*SUPPLIED INFORMATION*.
*** Begin section ***

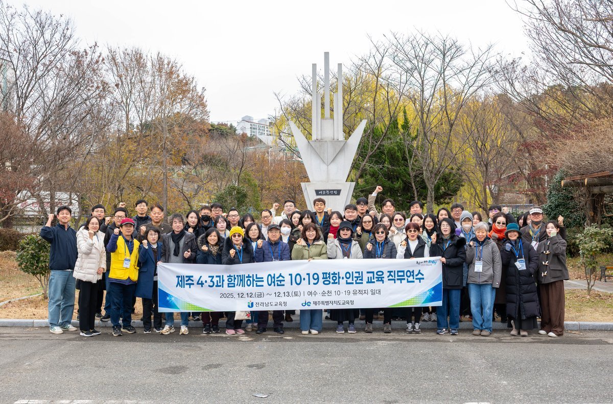 [한국Q뉴스] 전라남도교육청과 제주특별자치도교육청은 12~13일 여수 순천 10·19 유적지에서 전남·제주 교원들이 함께하는 직무연수를 운영하며, 우리 현대사의 아픔을 성찰하는 평화·인권 교육을 학교 현장에 뿌리내리는 데 힘을 모으고 있다.
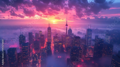 © Ali, Fototapeta premium City skyline sunset, fog, vibrant colors.
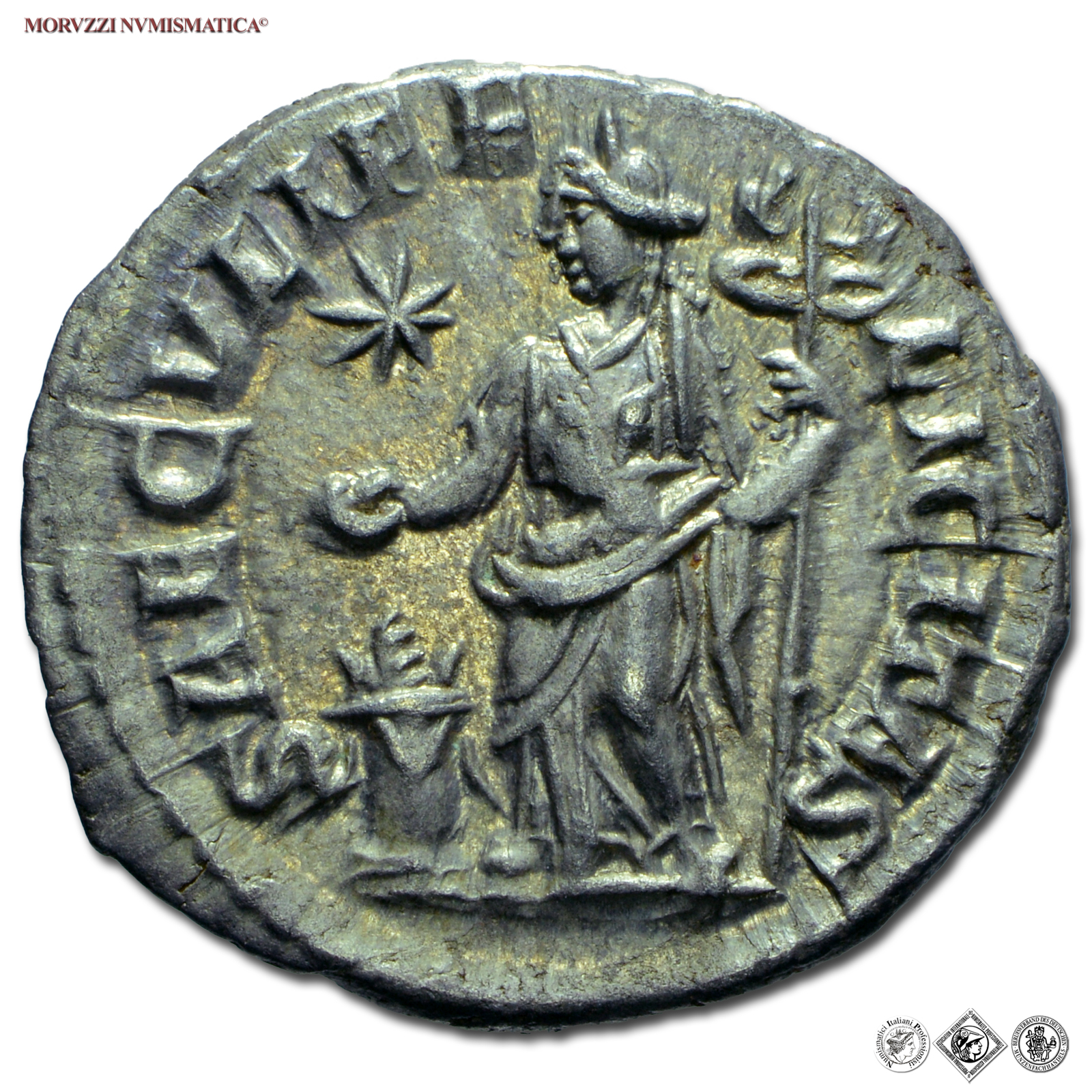GIULIA MESA, DENARIO, 218-222 d.C., SAECVLI FELICITAS la Felicitas con una patera sacrifica su un altare acceso e tiene un caduceo; stella nel campo, Zecca di Roma, ARGENTO, SPL, (RIC 272) / monete romane imperiali antiche d'argento (Impero Romano)

*** End section ***

*EXERCISE*. The data above is to be printed exactly, all of it, except for the pictures.

*RESPONSE TO THIS TASK*.
 [한국Q뉴스] 전라남도교육청과 제주특별자치도교육청은 12~13일 여수 순천 10·19 유적지에서 전남·제주 교원들이 함께하는 직무연수를 운영하며, 우리 현대사의 아픔을 성찰하는 평화·인권 교육을 학교 현장에 뿌리내리는 데 힘을 모으고 있다.
 © Ali, Fototapeta premium City skyline sunset, fog, vibrant colors.
GIULIA MESA, DENARIO, 218-222 d.C., SAECVLI FELICITAS la Felicitas con una patera sacrifica su un altare acceso e tiene un caduceo; stella nel campo, Zecca di Roma, ARGENTO, SPL, (RIC 272) / monete romane imperiali antiche d'argento (Impero Romano)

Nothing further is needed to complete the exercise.